Adventures in Painting Glass

Hi, my name is Jen and I am detail-oriented. That's the polite term, anyway.

Today's post does have to do with a crafty endeavor, but it's not about yarn. It's not about beads. It's about coffee.

For Christmas I was looking at what I called "fancy coffee makers", since I'd decided I like the coffees with the foamy milk and the expensive price tags. It was a toss-up between the Tassimo and the Dolce Gusto. I chose the Dolce Gusto because it was sassy, cute and got better reviews. One of the perks of the machine is that you can control the strength of your beverage. Prefer it stronger? Shorten the brewing time. Like it weaker? Wait until it starts to look watery.

For a lot of people, this is a great feature. For me, it led to coffee anxiety.
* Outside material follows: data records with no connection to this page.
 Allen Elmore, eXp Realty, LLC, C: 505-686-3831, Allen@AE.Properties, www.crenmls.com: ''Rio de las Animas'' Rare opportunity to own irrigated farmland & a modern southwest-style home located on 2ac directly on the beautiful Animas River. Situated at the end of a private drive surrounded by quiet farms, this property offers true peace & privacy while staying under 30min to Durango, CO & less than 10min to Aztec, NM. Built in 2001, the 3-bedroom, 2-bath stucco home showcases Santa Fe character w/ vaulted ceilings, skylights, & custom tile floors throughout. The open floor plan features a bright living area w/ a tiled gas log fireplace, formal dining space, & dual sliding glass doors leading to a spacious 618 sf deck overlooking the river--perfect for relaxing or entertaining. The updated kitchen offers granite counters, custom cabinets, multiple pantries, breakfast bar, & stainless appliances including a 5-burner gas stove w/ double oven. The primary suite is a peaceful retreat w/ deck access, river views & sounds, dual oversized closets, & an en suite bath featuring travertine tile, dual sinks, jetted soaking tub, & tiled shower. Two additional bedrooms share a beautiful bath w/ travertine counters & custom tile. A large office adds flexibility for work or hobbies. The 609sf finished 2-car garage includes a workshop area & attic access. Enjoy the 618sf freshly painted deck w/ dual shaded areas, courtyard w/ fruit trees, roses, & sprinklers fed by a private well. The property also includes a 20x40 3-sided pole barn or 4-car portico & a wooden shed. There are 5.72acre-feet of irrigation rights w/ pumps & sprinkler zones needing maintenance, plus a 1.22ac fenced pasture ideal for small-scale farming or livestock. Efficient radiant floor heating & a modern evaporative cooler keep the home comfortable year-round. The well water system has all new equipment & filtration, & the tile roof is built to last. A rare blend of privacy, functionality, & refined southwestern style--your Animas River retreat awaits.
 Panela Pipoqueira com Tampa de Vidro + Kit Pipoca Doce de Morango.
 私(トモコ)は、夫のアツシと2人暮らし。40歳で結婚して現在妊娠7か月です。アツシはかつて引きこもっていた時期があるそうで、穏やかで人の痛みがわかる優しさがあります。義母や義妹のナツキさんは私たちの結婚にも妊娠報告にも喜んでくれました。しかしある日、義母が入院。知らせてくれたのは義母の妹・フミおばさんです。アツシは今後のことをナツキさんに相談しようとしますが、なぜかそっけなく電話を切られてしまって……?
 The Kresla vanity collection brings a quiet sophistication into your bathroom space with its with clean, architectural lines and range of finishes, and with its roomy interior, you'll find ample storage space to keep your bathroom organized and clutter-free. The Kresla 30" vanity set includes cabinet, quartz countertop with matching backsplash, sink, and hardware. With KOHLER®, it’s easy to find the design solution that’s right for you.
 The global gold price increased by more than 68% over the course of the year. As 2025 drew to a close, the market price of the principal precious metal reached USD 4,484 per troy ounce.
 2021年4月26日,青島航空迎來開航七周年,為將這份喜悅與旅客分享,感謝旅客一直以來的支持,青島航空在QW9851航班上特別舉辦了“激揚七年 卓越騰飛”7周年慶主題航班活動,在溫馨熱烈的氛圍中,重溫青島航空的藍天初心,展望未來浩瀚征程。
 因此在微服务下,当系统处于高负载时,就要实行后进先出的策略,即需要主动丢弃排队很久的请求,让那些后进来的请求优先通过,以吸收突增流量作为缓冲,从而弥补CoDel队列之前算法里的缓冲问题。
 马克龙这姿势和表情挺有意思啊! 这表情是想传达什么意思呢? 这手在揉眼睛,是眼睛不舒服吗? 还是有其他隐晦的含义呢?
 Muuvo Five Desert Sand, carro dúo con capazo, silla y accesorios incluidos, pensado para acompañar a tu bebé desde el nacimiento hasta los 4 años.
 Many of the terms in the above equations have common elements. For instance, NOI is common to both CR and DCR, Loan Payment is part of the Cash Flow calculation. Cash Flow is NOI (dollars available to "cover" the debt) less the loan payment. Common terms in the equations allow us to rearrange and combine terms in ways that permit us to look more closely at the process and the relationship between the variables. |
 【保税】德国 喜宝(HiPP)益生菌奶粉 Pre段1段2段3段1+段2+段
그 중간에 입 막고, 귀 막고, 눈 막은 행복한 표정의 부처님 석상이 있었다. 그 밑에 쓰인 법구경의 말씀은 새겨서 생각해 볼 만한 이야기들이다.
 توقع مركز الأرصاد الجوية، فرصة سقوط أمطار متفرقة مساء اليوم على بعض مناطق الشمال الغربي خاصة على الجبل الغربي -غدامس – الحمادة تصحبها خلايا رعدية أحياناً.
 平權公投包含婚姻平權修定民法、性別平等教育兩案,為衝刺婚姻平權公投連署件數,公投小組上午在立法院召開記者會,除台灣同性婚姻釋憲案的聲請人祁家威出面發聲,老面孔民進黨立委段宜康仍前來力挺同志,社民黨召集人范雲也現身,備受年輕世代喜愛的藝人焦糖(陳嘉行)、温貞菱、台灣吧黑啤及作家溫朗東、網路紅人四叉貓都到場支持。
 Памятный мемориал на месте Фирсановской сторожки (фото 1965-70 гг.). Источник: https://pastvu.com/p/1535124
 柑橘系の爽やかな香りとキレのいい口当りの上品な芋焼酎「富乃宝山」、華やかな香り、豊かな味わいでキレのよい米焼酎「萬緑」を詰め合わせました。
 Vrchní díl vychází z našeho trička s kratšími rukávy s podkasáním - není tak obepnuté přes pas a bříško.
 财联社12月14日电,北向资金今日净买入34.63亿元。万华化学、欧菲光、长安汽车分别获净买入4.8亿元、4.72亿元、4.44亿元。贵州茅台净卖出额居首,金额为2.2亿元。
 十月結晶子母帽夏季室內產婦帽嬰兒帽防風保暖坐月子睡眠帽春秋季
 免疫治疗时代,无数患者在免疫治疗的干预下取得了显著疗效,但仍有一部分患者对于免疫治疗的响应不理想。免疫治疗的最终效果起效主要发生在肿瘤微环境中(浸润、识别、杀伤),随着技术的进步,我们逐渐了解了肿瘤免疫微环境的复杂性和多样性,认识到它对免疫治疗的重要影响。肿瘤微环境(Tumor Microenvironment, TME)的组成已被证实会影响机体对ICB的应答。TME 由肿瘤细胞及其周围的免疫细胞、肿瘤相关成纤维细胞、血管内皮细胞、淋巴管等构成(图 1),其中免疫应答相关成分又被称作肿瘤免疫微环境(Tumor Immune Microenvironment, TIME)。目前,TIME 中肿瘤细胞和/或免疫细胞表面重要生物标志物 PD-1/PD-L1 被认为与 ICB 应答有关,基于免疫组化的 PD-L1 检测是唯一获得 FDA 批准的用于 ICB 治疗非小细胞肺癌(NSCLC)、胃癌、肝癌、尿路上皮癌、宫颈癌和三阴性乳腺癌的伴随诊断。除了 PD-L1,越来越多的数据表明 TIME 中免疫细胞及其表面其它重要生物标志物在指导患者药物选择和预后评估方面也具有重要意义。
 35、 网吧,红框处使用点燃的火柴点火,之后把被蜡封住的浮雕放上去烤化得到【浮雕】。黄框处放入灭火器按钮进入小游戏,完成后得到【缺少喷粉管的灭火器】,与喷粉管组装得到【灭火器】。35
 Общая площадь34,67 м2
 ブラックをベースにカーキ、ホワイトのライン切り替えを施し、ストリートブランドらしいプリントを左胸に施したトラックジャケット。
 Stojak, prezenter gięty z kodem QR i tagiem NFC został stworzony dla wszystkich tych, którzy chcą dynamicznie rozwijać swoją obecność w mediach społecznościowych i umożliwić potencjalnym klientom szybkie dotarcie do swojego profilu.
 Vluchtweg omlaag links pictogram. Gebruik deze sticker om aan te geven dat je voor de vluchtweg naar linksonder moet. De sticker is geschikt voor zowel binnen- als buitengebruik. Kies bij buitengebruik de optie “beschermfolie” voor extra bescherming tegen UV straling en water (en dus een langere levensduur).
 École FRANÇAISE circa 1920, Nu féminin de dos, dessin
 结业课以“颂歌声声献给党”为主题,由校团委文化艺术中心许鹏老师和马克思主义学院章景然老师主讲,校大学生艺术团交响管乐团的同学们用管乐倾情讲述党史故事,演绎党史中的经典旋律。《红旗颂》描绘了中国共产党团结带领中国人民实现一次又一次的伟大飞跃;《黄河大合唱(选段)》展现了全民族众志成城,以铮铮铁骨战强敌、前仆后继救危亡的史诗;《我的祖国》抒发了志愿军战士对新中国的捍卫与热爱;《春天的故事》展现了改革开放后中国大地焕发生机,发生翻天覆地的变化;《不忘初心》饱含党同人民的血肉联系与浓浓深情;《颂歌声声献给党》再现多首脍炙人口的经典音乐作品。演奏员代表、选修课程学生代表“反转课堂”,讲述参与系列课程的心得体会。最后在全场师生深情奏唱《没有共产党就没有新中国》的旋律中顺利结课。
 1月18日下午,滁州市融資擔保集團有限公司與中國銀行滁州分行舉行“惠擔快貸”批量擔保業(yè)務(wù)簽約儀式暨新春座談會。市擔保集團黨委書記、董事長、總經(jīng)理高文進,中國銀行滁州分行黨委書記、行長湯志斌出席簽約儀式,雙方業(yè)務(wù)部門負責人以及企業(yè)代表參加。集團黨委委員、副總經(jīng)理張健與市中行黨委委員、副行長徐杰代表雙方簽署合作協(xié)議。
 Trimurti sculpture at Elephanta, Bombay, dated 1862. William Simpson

Sure, the packages told you how many ounces to brew to, but I don't happen to drink out of beakers. I was afraid I wasn't brewing to maximum potential. I'd brew until the beverage started to look watery, and maybe I didn't want watery! There had to be a better way.

I looked into writing on a coffee mug. I purchased a clear glass mug and was hoping I could just Sharpie all over it, but apparently that doesn't work. Crap. I went to Michaels and found paint pens which claimed to be dishwasher-resistant once you cooked your piece in the stove. Finally, I found a mL-marked flavor injector, since it seemed easier than trying to figure out 0.3 ounces. Then I carefully measured & injected the amount of necessary liquid for each drink I had into the mug and marked off the name/stage of the drink (some drinks have a milk component too).

It took a week, but I sucked up my fears and baked the mug in the oven yesterday and then put it in the dishwasher after it cooled. It made it out alive and I had a very tasty and spot-on mocha this morning.

Here is a shot of the mug post-dishwasher and pre-beverage.

DSC04354

Obviously it's not perfect. It was my first time using a paint pen on glass, and for me at least, there's a learning curve. Also, I did this later at night when I'm brain-dead, which explains why I wrote "hot/coffee/chocolate" next to "mocha" on the bottom.

Actually, it's a design feature. I'm revolutionizing punctuation, people.

The Dolce Gusto is a niche market, and for about 10 seconds I considered improving my skills and attempting to sell these, but then I realized I would probably get sued. Next time, I think I'll take off the names of each beverage and just mark off amounts in milliliters or ounces. That way it WILL be like drinking out of a beaker. You'd have to do the math, though. In the morning. Before coffee. I'm slightly evil.

But at least now my coffee anxiety is reduced ... at least until the caffeine kicks in.


P.S. I'm waiting for the science majors of the world to tell me that one fluid ounce of water weighs one regular ounce on the scale. I'm sure I could have made this ten times easier on myself. Please enlighten me. I went to school to read words.

1 comment:

Anonymous said...

Hahaha- you had me cracking up! I'm glad your adventures in coffee lead, eventually, to some actually coffee. You are among the like minded I'm afraid: all of us creative types are much better at figuring out math through pictures rather than using actual math. Just a personality defect.